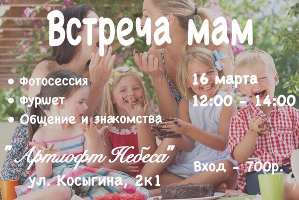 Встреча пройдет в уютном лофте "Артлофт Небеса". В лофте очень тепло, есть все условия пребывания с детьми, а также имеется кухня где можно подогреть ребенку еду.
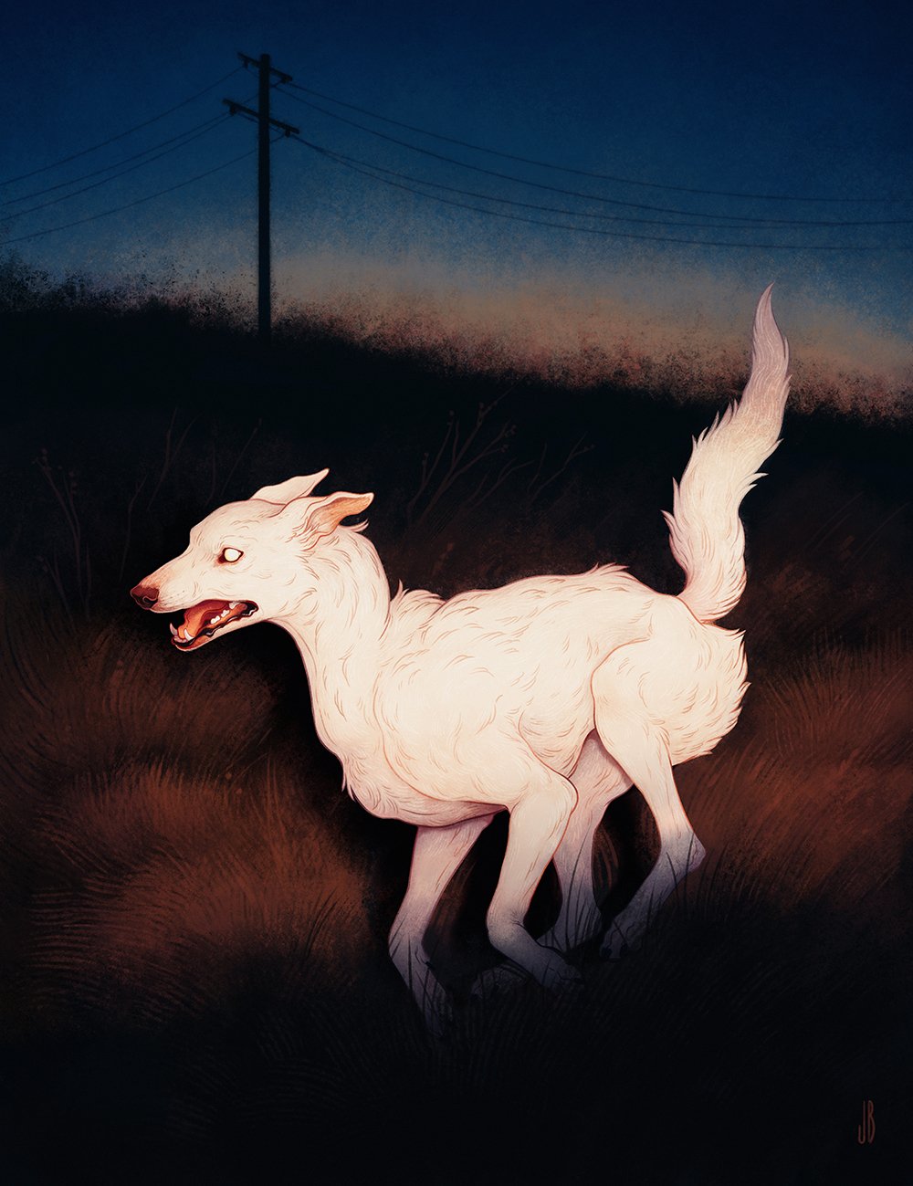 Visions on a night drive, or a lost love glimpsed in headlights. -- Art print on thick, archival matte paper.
---
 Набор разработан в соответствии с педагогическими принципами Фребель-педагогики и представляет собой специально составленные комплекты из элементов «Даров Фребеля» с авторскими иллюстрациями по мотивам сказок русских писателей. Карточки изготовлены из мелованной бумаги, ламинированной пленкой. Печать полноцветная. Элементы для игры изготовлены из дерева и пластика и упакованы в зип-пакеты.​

_Assignment_
Once the line with "Встреча пройдет в" is found above, print it and every line after it through the line with "Visions on a", exactly. Pictures stay out.

_Task output_
 Встреча пройдет в уютном лофте "Артлофт Небеса". В лофте очень тепло, есть все условия пребывания с детьми, а также имеется кухня где можно подогреть ребенку еду.
 Visions on a night drive, or a lost love glimpsed in headlights. -- Art print on thick, archival matte paper.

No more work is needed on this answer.